Have you ever heard of Longwood University?
Indiana Gov. Mike Pence and Virginia Sen. Tim Kaine will square off Tuesday night in the first – and only – vice presidential debate, at Longwood University in Farmville, Virginia.
Never heard of Longwood? That’s a big reason the small, public university is hosting this debate.
Longwood will spend about $5.5 million on the debate and related events, said the university’s chief of staff, Justin Pope.
That includes almost $2 million paid to the Commission on Presidential Debates for production costs, plus catering, security, special academic programming and all those Longwood signs you’ll see in background shots.
“In terms of name recognition, it’s just about unmatchable,” Pope said. “The viewership of the last vice presidential debate was more than 50 million. The one before that was about 70 million. Those are Super Bowl, stratospheric-type numbers.”
For advice, the university brought in communications director Michael Strysick of Centre College.

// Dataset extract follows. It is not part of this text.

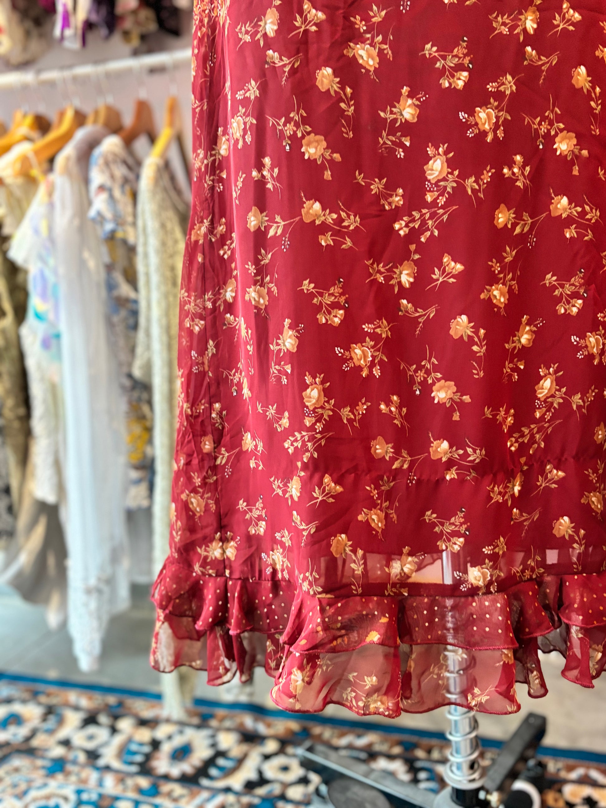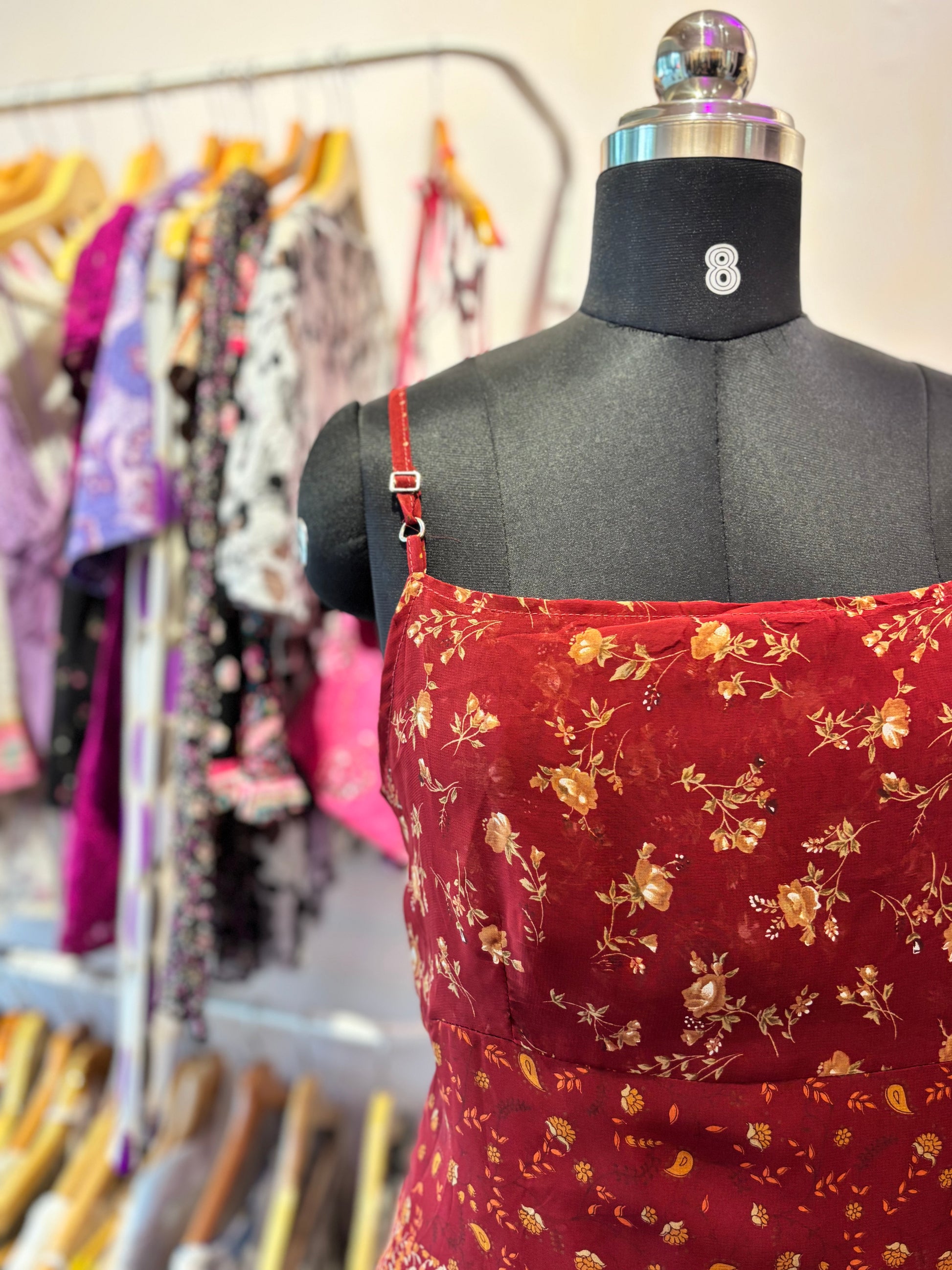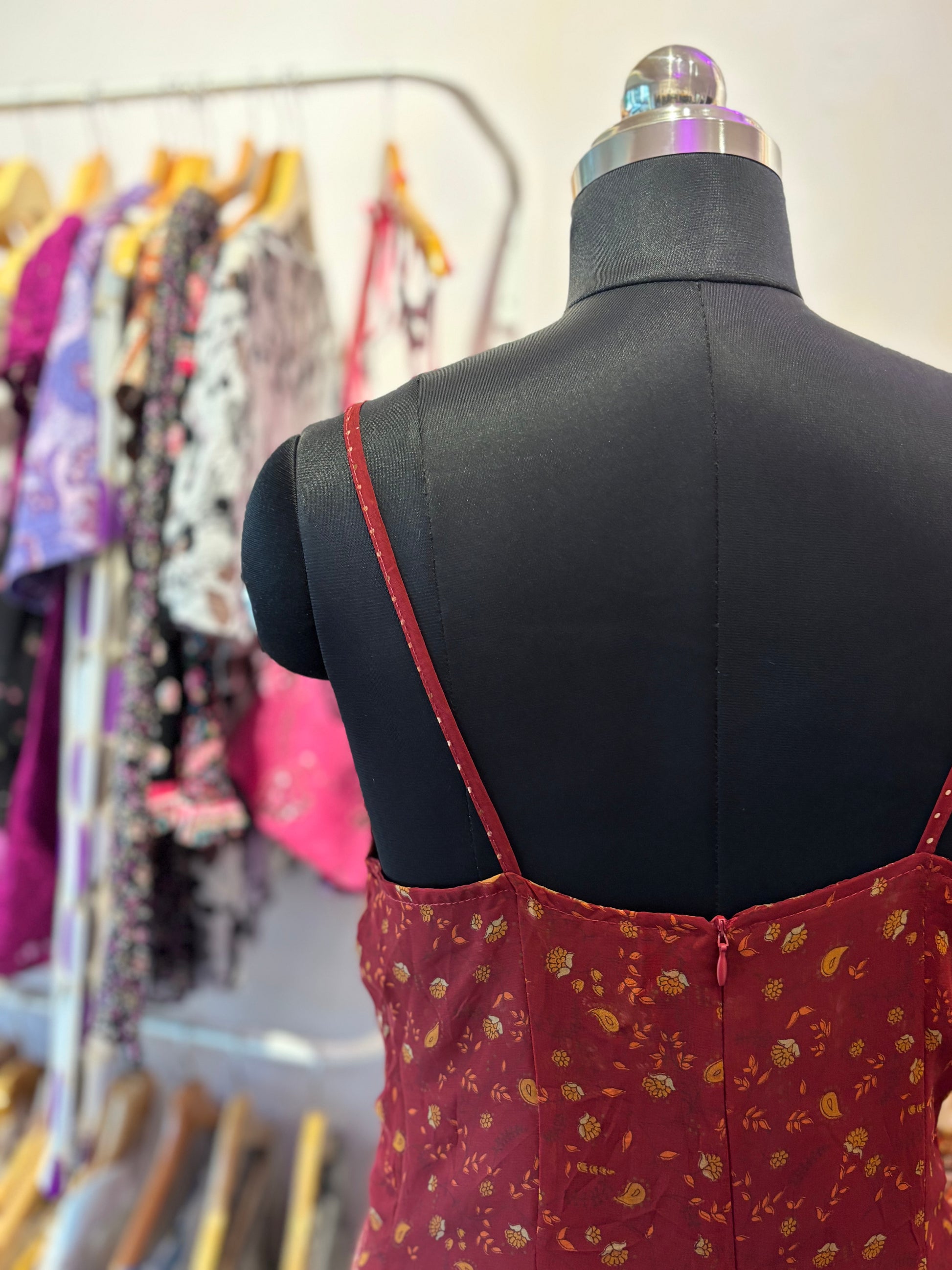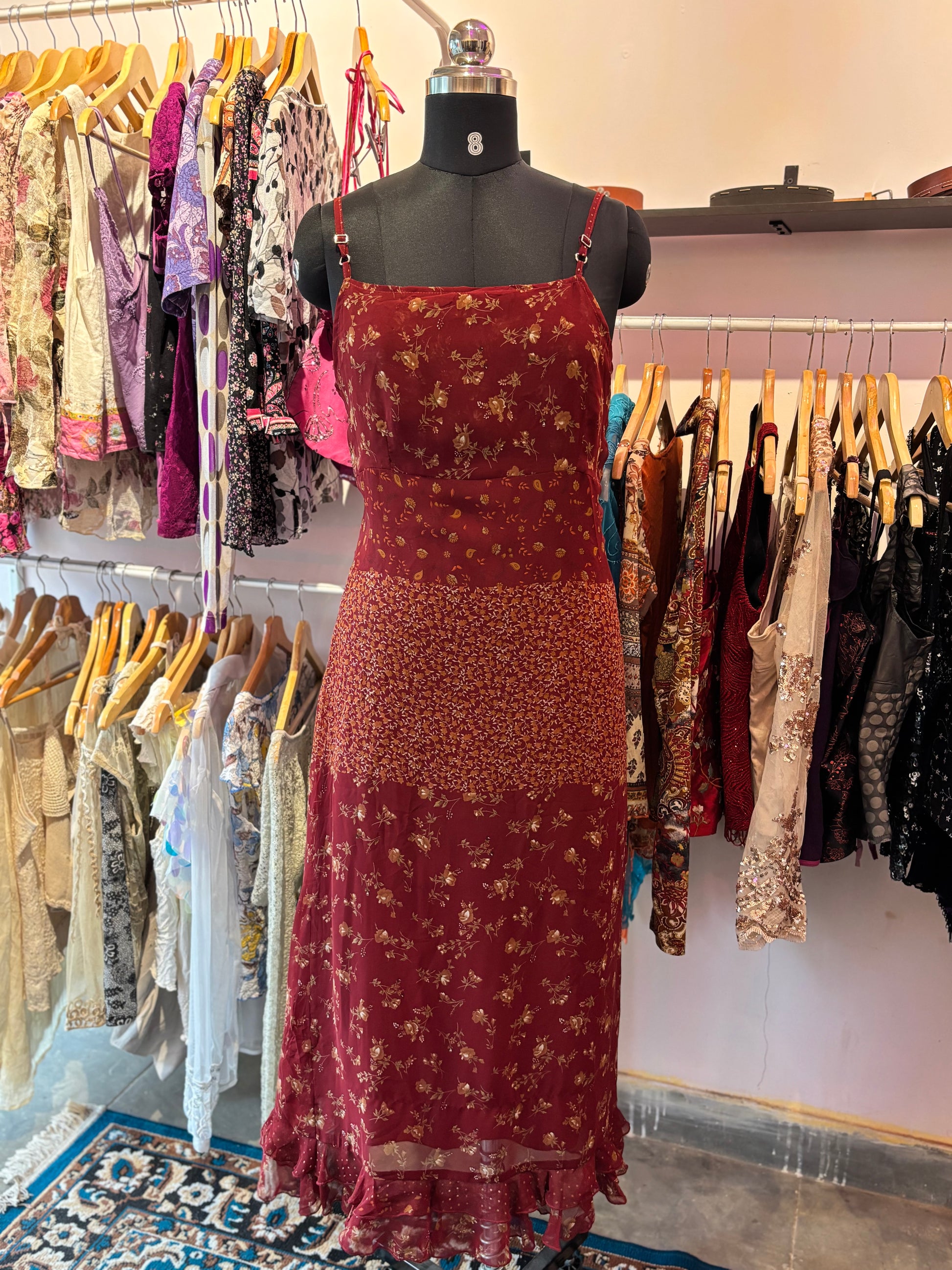 Bust 34/36 inches. Length 50 inches. Chiffon. Lined. Back zip. Adjustable straps

That small, private school in Danville, Ky. hosted the 2000 and 2012 vice presidential debates.
The exposure keeps paying off, in donations to the college and rising applications, Strysick said. “This last year we saw our largest incoming class, the academic profile of incoming students has increased, diversity has increased,” he said.
Oh, and there’s the academic value for students, he said, of “a front-row seat to the American political process in action.”